金融庁がいまさら国内仮想通貨業者にコールドウォレット管理を徹底

国内ではこの数年で「仮想通貨交換業者」がハッキングなどの被害で問題を起こしています。

ここにきて、金融庁がいまごろになってようやく仮想通貨を管理する際の「社内規定厳格化」を各業者に要請していることがわかりました。

 

コールドウォレットも決して安全ではない国内業者

仮想通貨はそれ自体よりも仮想通貨を扱う交換業者の「システムレベルの低さ」や「業務プロセス」に大きな問題があることはコインチェックがハッキングにあった直後から指摘されてきました。

ようやくここへきて金融庁が重い腰をあげてホットウォレット内で管理する顧客の仮想通貨を制限し、厳密に秘密鍵を管理することとなったものの、今度はコールドウォレット上で管理する仮想通貨が業者の内部の者による不正引き出しリスクを高めることとなり、コールドウォレットでの管理体制もより厳密にしていくことを求めることとなったわけです。

いまごろこの手の話を聞きますと、そんなレベルの管理をしていたのかと改めて驚かされる次第ですが、どうも国内業者はその程度のもので想像以上に危ないことがわかります。

 

カナダでは仮想通貨事業主が「突然死」して金が出せなくという事態も

ビットコイン等主要な仮想通貨を扱うカナダ最大の仮想通貨交換所の創業者がインドで昨年12月に急死したことから、利用者が通貨を一切引き出すことができない状態に陥り、結果的にこの業者は破綻するというとんでもない事態が起きています。

会社組織からCEOがいなくなっても別に問題ないだろうと思うのが通常の発想です。

しかし、この会社はなぜか創業者自身が「一人でパスワード管理をしていた」ことから顧客からのオーダーを仮想通貨が実行できないというとんでもない事態に追い込まれてしまったわけです。

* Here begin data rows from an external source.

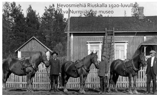
Hevosmiehiä Riuskalla 1920-luvulla.
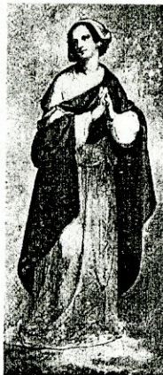
Константин Данил : Богородица
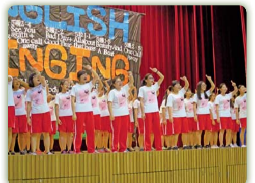
▲ 英語歌唱比賽活動花絮四
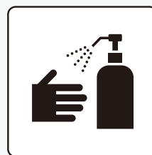
手指消毒 Hand sanitization 手指消毒

通常仮想通貨の保有者が、パスワードが判らなくなって引き出せないという稚拙な事態はよくあることです。

しかし、預けた先の仮想通貨交換所でもパスワードが判らなくなるとどうにもならないというのは、前代未聞の事態です。この事件から、仮想通貨取引所を使うかは大変クリティカルな問題になってきていることがあらためてわかります。

国内ではさすがにここまでの問題は起きていませんが、デジタルアセッツを扱うということは既存の通貨を扱うビジネスとは大きくことなり、想定外の事態が起きることはよく認識しておかなくてはなりません。

正直外から見ていると、どの仮想通貨交換業もたいして違わないように見えますが、ひとたび問題が起きてしまうと、その中身に違いがあることが最近になって続々と顕在化してきており、我々も業者選びについては真剣に考える必要があることを痛感させられます。